Macedonian football manager and player (1931–2014)

Kemal Omeragić (Кемал Омерагић; 16 September 1931 – 19 June 2014) was a Macedonian football manager and player.

==Playing career==
Omeragić played for Proleter Zrenjanin during the 1950s, including two seasons in the Yugoslav Second League from 1958 to 1960. He retired after playing for Rudar Kakanj.

==Managerial career==
After hanging up his boots, Omeragić started his managerial career at Rudar Kakanj.

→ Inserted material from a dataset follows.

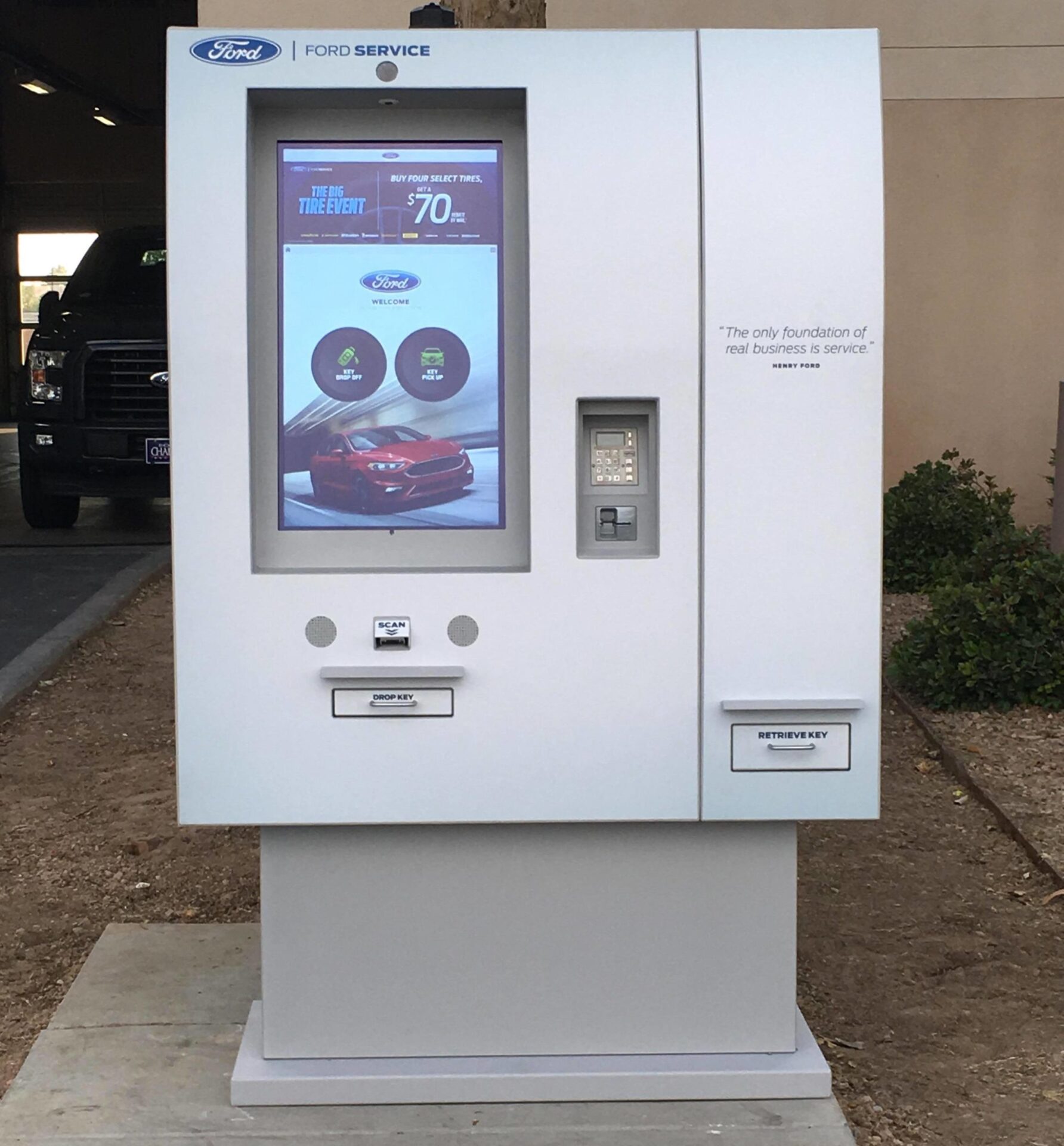 It is part of a test that started in March at a Michigan dealership, “an industry-first Smart Service Kiosk aimed at increasing customer convenience related to vehicle service,” says a Ford press release. “The kiosk allows customers to come to the dealership at any time to drop off and pick up their vehicle key or obtain keys to a loaner vehicle, select needed services from a quick-pick menu, and pay for service using a credit or debit card.”

He subsequently returned to Proleter Zrenjanin as manager, leading them to promotion to the Yugoslav First League for the first time in the club's history in 1967.

During the 1970s and 1980s, Omeragić served as manager of Turkish clubs Altay and Bursaspor on several occasions.